== ASSIGNED TASK ==
Once you find the line with "Chế độ ghi hình" in the entries below, print it and each line after it up to and including the line with "Общая площадь69,4 м2", exactly, without pictures.

== DATA SECTION ==
········
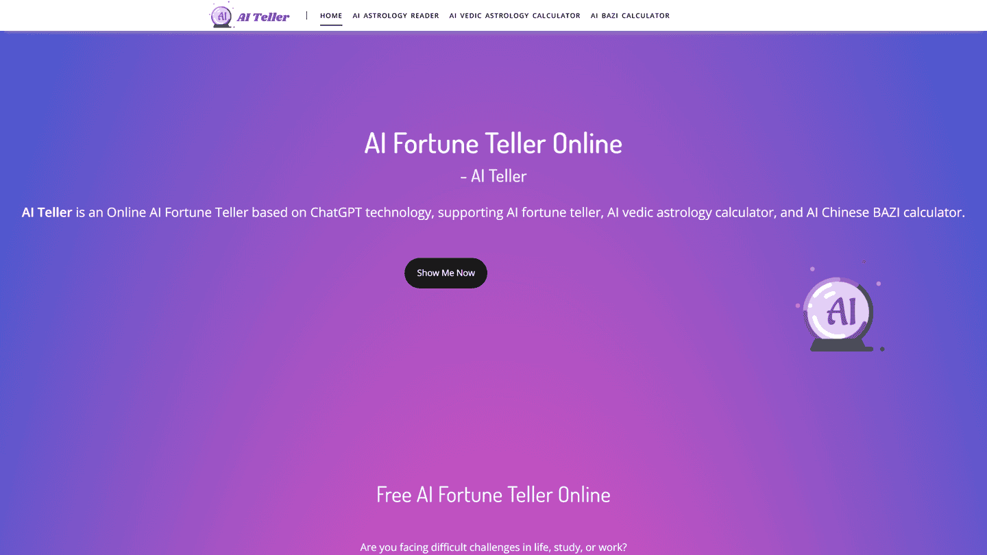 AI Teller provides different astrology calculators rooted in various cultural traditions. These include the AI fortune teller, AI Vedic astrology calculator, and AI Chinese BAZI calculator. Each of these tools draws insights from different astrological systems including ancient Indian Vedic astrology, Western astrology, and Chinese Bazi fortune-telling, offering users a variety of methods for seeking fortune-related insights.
········
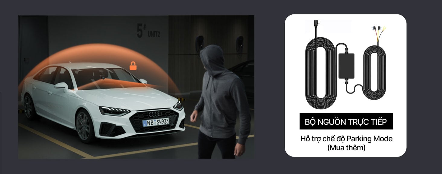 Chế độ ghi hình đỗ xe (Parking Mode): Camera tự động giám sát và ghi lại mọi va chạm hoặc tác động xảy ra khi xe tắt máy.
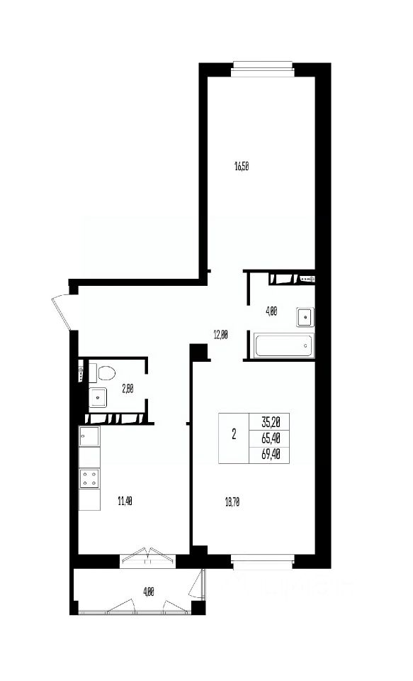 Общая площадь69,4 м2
········
== RESPONSE BELOW ==
 Chế độ ghi hình đỗ xe (Parking Mode): Camera tự động giám sát và ghi lại mọi va chạm hoặc tác động xảy ra khi xe tắt máy.
 Общая площадь69,4 м2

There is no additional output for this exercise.